We’ve entered an exciting era of precision medicine over the past decade — which has doubled life expectancy for prostate cancer patients in B.C. Donor-supported advancements include:

• Prostate-Specific Membrane Antigen (PSMA)-PET, a new imaging technology that is detecting cancer spread earlier than traditional scans.

• Genomic analysis — to identify mutations driving cancer growth to guide improved treatment — is now standard for metastatic prostate cancer.

• A B.C.-pioneered blood test analyzing circulating tumour DNA (ctDNA) is providing unprecedented insight into a patient’s cancer and an alternative to invasive tissue biopsies.

High-dose, precision radiotherapy is reducing radiation sessions from up to eight weeks of daily treatments to just three to five doses, minimizing side effects and increasing complete remission in patients with metastatic cancer.

How has donor-supported research impacted patients over your career?

Recently, I had to tell a long-time patient that we no longer had any treatment for his cancer and that he had weeks, maybe months to live. But, behind this incredibly difficult conversation is a growing success story. Twenty years ago, when I had first started in oncology, I would have had one treatment to offer him — a chemotherapy that was not very effective. His prognosis would have been grim: one year.

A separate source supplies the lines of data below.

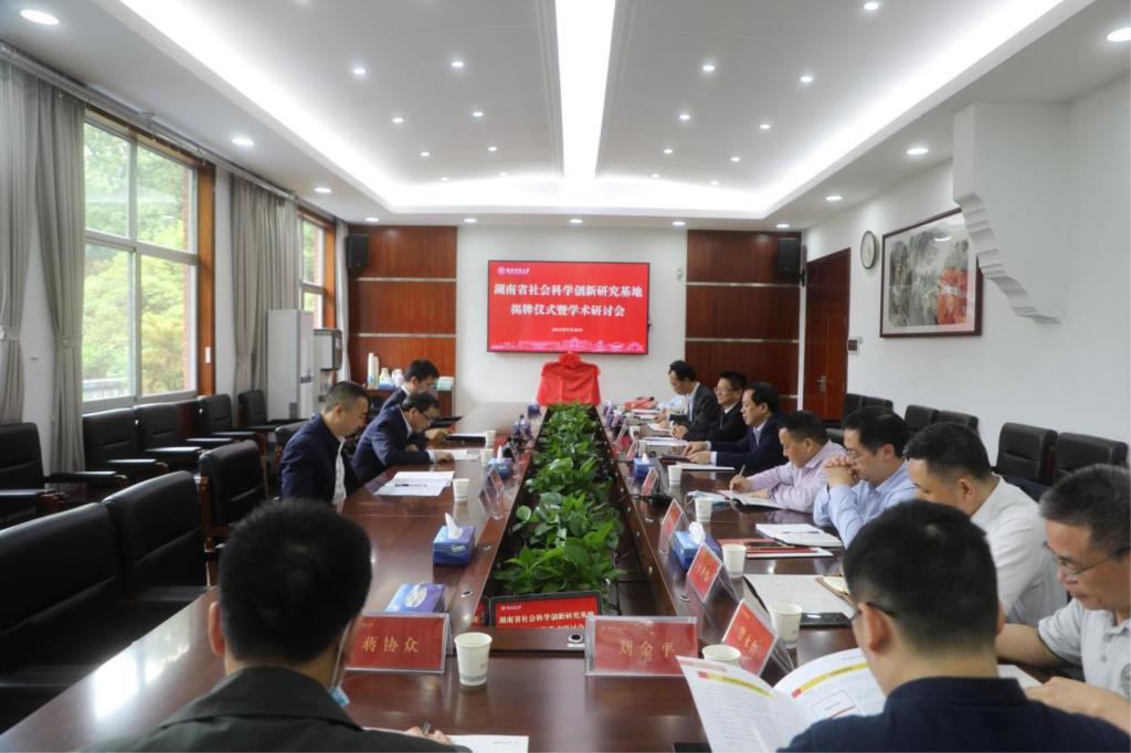 湖南省社科联软科学研究室主任李邦铭,基地主要团队成员和学校相关职能部门负责人参加揭牌仪式。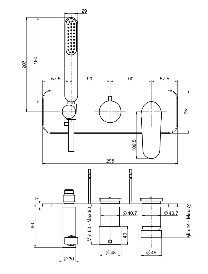 wysięg uchwytu: 44 - 74 mm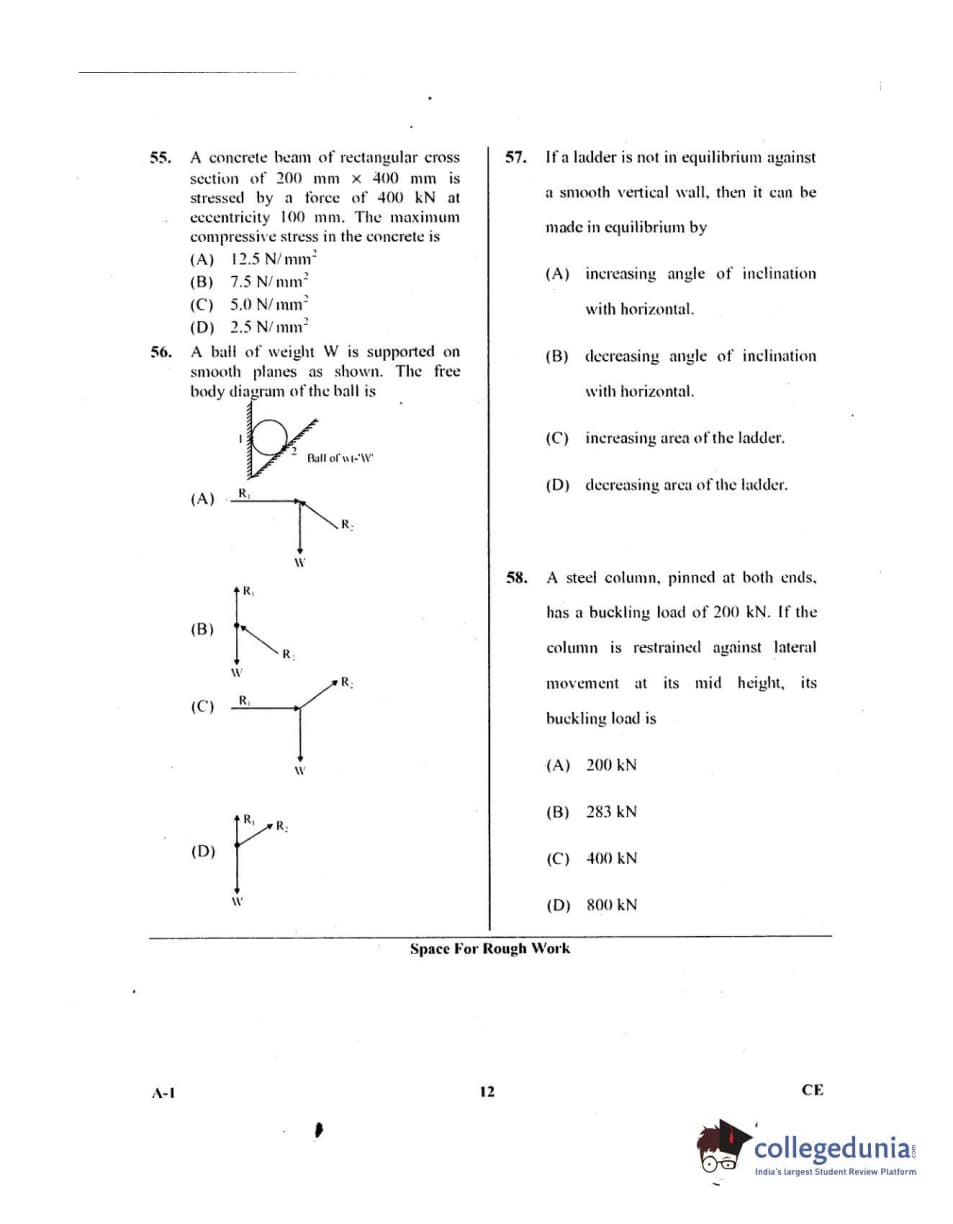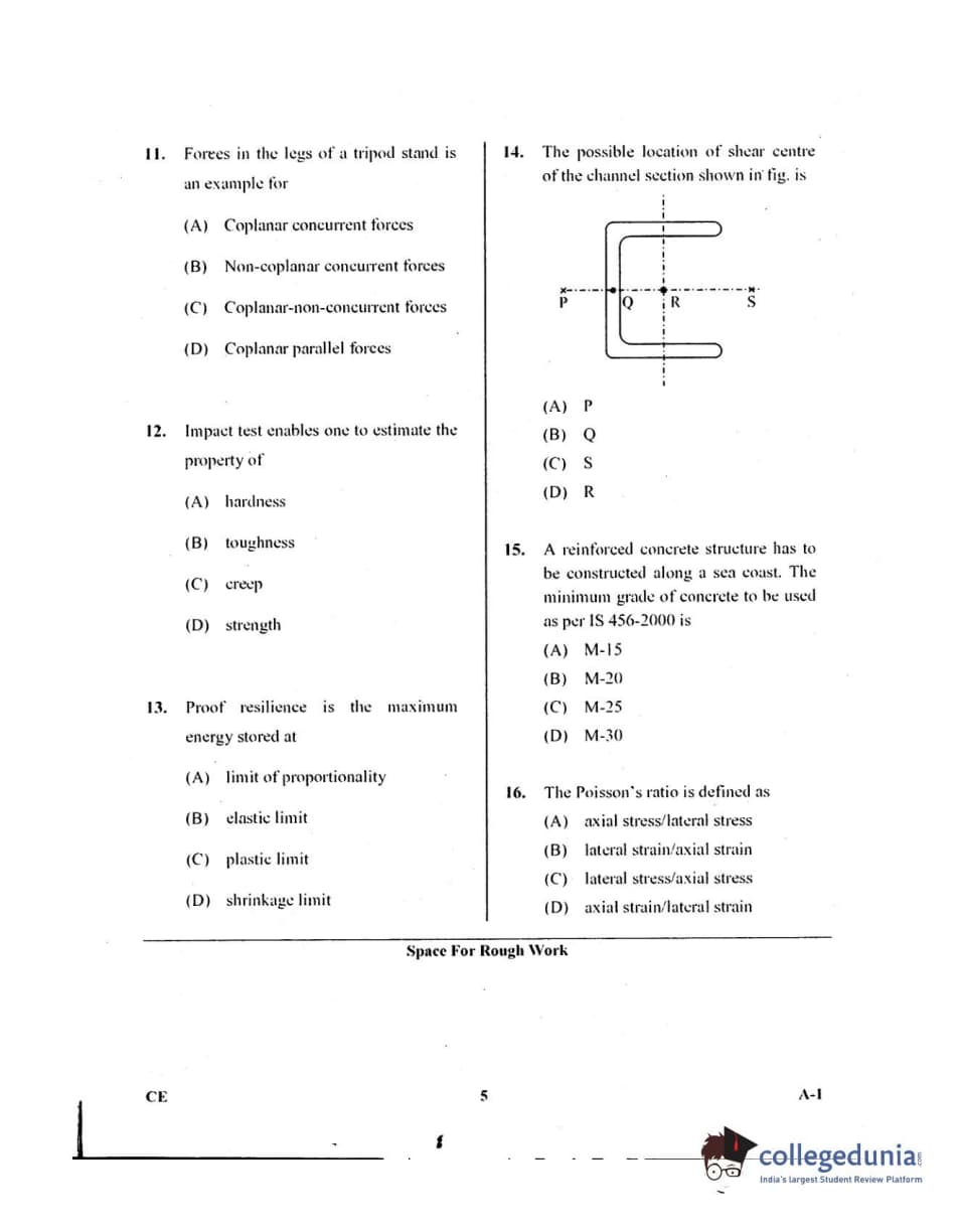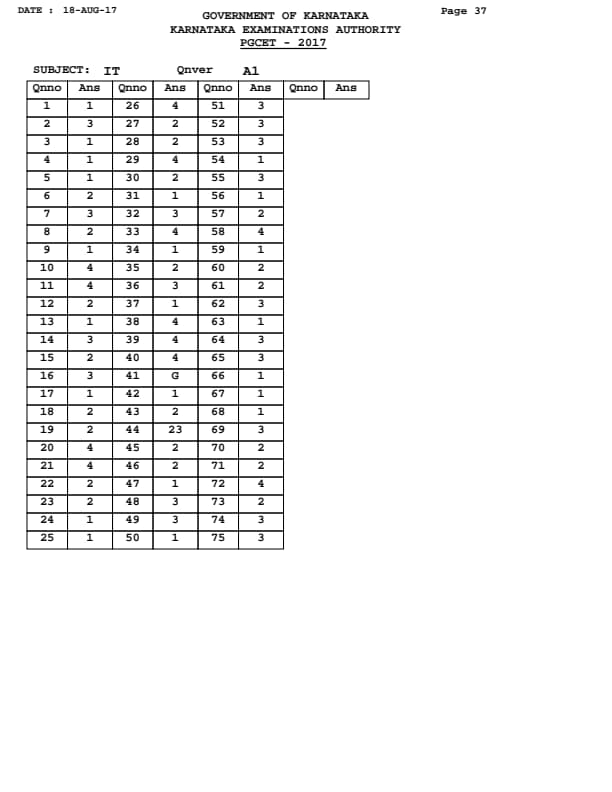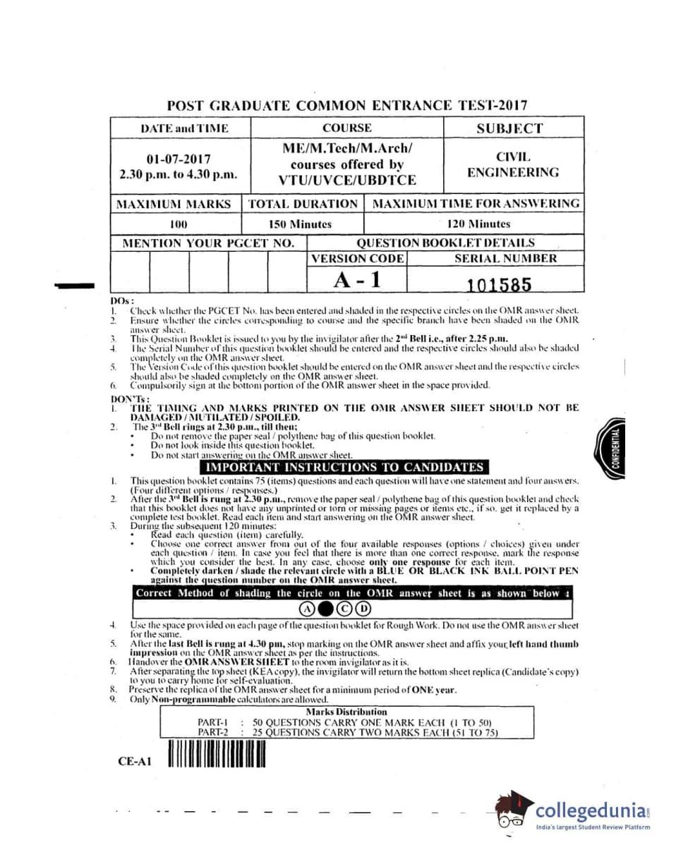Karnataka PGCET 2017 Civil Engineering Question paper with answer key pdf conducted on July 1, 2017 in Afternoon Session 2:30 PM to 4:30 PM for A-1 is available for download. The exam was successfully organized by Karnataka Examinations Authority (KEA). The question paper comprised a total of 75 questions.

Instead, thanks to research he had five treatments: targeted therapy, more effective chemotherapy immunotherapy, and radioligand therapy, as well as genomic and molecular characterization of his cancer that enabled us to tailor his treatment. As a result, he had seven good years with his family.

What promising new treatments are on the horizon?

Immunotherapy — harnessing a patient’s own immune system to fight cancer — has revolutionized cancer treatment but there is much more work to be done. Founded fully through donor support, the immunotherapy research program at BC Cancer’s Deeley Research Centre (DRC) was the first in Canada to manufacture CAR T cells, white blood cells genetically engineered in the lab to identify and destroy cancer.

A clinical trial using the made-in-B.C. CAR T cells is showing complete regression in 43% of its participants — leukemia and lymphoma patients who had exhausted all other treatment options. BC Cancer experts are preparing to research the effectiveness of CAR T-cell therapy to treat some of the most challenging cancers, including ovarian and pancreatic.

Can you give an example of when you’ve seen a project go from lab to life-saving treatment?

I had a patient who benefited from a diagnostic we created right here at BC Cancer – Vancouver, supported by BC Cancer Foundation funds. Instead of a biopsy or surgery to remove tissue for evaluation, we developed a blood test that screens for genomic markers in prostate cancer patients. In this individual, the blood test identified a gene mutation that responds well to immunotherapy.

What’s incredible is this mutation only occurs in about 3% of prostate cancer patients and it’s difficult to find. Thanks to this simple blood test, however, we located it and enrolled him in an immunotherapy clinical trial. He’d already received multiple treatments including surgery, radiation and chemotherapy, and yet his cancer had spread. After immunotherapy he achieved a complete response and four years later, he is free from disease. At just 72 years old, he is now enjoying many more years with his grandson.

Cancer cases are on the rise, what keeps you going in the race to stay ahead of this disease?

We are curing more people, and more people are living longer and better with cancer than ever before. This is thanks to research and innovative new treatments — much of it led right here in B.C. While it’s a privilege to be at the helm of our provincial cancer system, I also really appreciate helping patients on an individual level where I get to see our work in action every day.